* [TASK PROMPT] Exact transcription, pictures omitted: reproduce the listing below.

* [DATASET EXCERPT]
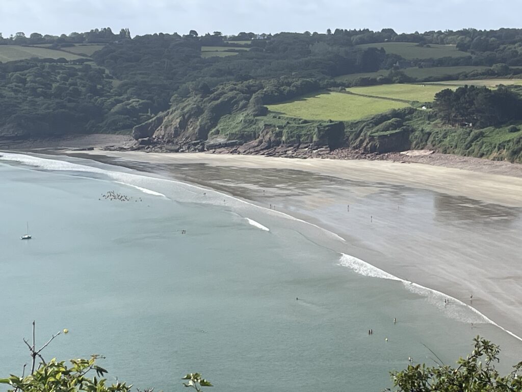 Erst nach 2 Stunden finden wir ein freies Plätzchen bei Lancieux (48.6169, -2.1420) mit Blick auf den Hafen. Eine Treppenweg führt hinab zum Strand , wo die Boote wegen Ebbe alle auf Grund liegen. Das stört uns aber nicht – wir sind froh, angekommen zu sein und genießen unseren ersten Mittag am Strand, den Sand zwischen den Füßen und später unser Abendessen auf der Picknickdecke.
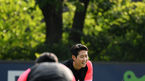[OSEN=파주, 지형준 기자] 2일 오후 김학범 감독이 이끄는 올림픽 축구대표팀이 파주 국가대표팀 트레이닝센터(NFC)에 소집됐다.이강인이 스트레칭을 하며 미소짓고 있다.2021.07.02 /jpnews@osen.co.kr
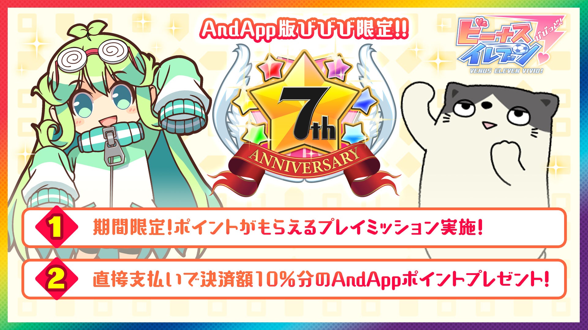 - ビーナスイレブンびびっど!AndApp限定7周年記念キャンペーン開催!
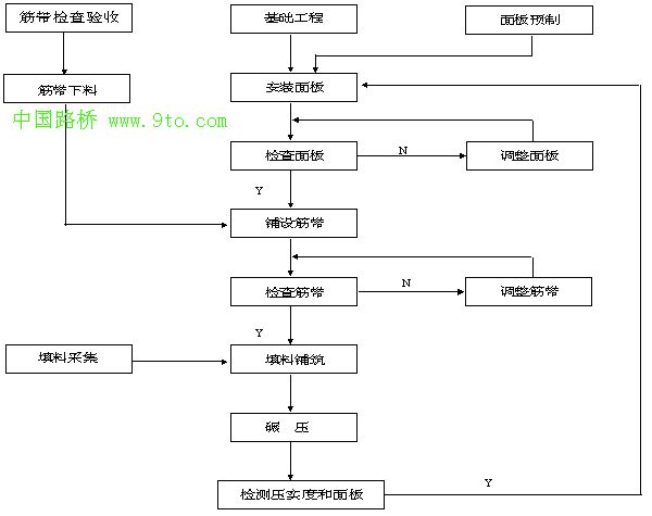 2.1加筋挡土墙的一般施工工艺流程图如下:

* [ANSWER TO THIS TASK]
 Erst nach 2 Stunden finden wir ein freies Plätzchen bei Lancieux (48.6169, -2.1420) mit Blick auf den Hafen. Eine Treppenweg führt hinab zum Strand , wo die Boote wegen Ebbe alle auf Grund liegen. Das stört uns aber nicht – wir sind froh, angekommen zu sein und genießen unseren ersten Mittag am Strand, den Sand zwischen den Füßen und später unser Abendessen auf der Picknickdecke.
[OSEN=파주, 지형준 기자] 2일 오후 김학범 감독이 이끄는 올림픽 축구대표팀이 파주 국가대표팀 트레이닝센터(NFC)에 소집됐다.이강인이 스트레칭을 하며 미소짓고 있다.2021.07.02 /jpnews@osen.co.kr
 - ビーナスイレブンびびっど!AndApp限定7周年記念キャンペーン開催!
 2.1加筋挡土墙的一般施工工艺流程图如下:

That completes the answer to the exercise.